Before I moved even one single stitch into the new apartment, I ceremoniously cleared the space with sage, salts and incense, in that order. I was cognizant of feng shui placements. I stood in the empty space and loved it when it was only a blank canvas ready to be personalized with purpose. I had a conversation with it. I anointed it. 

As a result, my new apartment holds the energy of sacred space to which I can return and rejuvenate, and it holds the expanse of solitude for the joy of creating my best life.

Last night, a little more than a month in my new apartment, and with most things now having been in place for a while, I stood in a moment of awe and wonderment. I realized that every single time I walk into my new home, I feel like I am AT home and there is peace in that. Joy. 

As I stood in the heart of my home looking at the mostly original art donning its walls recalling the story that gives each one meaning, contemplating the still bare walls asking to be chosen for a story to bear, observing the lighting and how it gently casts its glow and hearing the soft hum of the dishwasher washing away the remnants of my culinary exploits, I brimmed over with gratitude. 

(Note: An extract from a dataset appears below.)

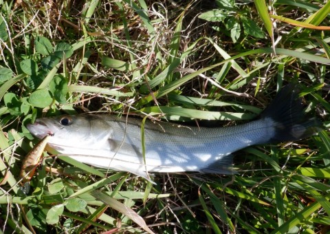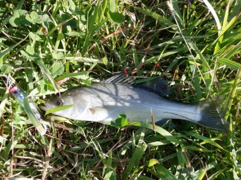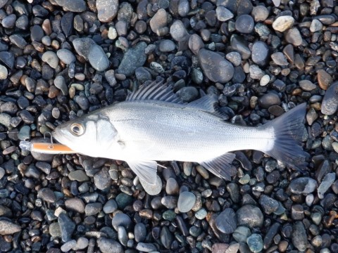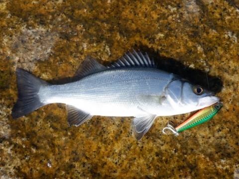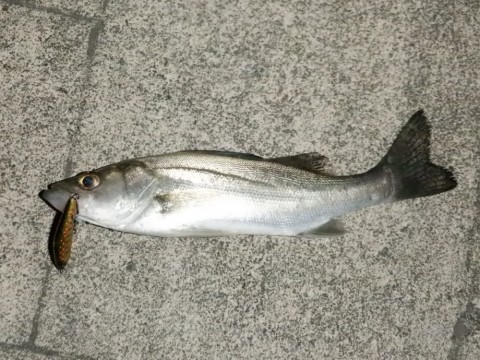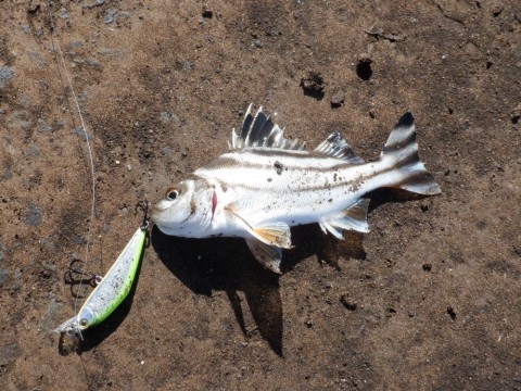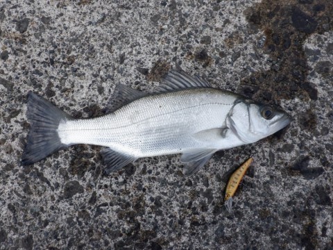 この魚はそんな中、逆にシルエットの大きめのルアーに変えてリアクションで食わせた36,7㎝のマルセイゴ。SMITH/D-CONTACT 72のイレギュラーダートでやっと食わせました。
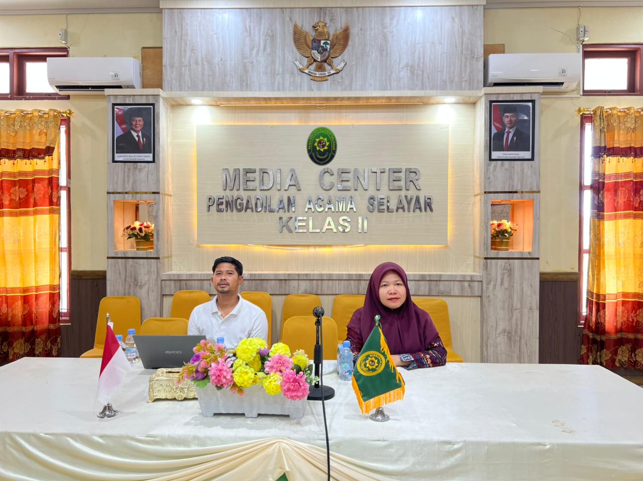 Bertempat di Ruang Media Center Pengadilan Agama Selayar, YM Rahmayani Nashihatun Aminah, S.H., dan YM Abdi, S.H., selaku Hakim pada Pengadilan Agama Selayar mengikuti secara daring

I realized I was braving the wilderness. I had left the safety of the familiar that was now in the rearview mirror and was marching forth vulnerably into areas unknown, both personally and professionally. 

I am discovering what I can do with the space and freedom of being single and reclaiming so many of those parts of me left behind. For instance, I’m reconnecting with writing. I have the quietness of space to indulge my love of reading and have found joy in cooking again, an interest I long ago abandoned.

Professionally, I feel like a phoenix rising out of the ashes. I’ve spent the last six months in contemplative inquiry to see if there was a way to continue my work without requiring me to be an indentured servant to it, which was the precipice of the problem. Fortunately, there is, and this new path is going to allow me to approach my work with an entirely new disposition that will afford me the privilege of working in my best and brightest areas of brilliance while still being surrounded by a team that uplifts and supports me, each operating in their own area of brilliance. 

And to stitch all this together, I have a new home, a new workspace. It’s not the new that is so important, as what the new symbolizes. My new apartment just feels right. It feels like a nest where I can rest and also a playground where I can create. I love the way the sunlight streams through the windows, the depth and layout of the floor plan. It’s not too big, but it’s big enough to be roomy and make it a home.

I call it Casa Prosperidad and to me it symbolizes both a physical space, the place where I live and work and rest, and a metaphysical space, the wellspring from which joy can flow prosperously and a place that can nurture creation and reinvention. It’s the place where I can accept the challenge of allowing myself joy without dress rehearsing tragedy. It’s the space from which I can dance gracefully into the turn of new opportunities, both personally and professionally. It is a space to cultivate mindfulness and where I can brave into the heart of the wilderness and truly live my best life.

This post was inspired by Brené Brown’s book Braving the Wilderness. I highly recommend this thought-provoking book. It is rich with relatable stories about the quest for belonging and answering the call of the wild.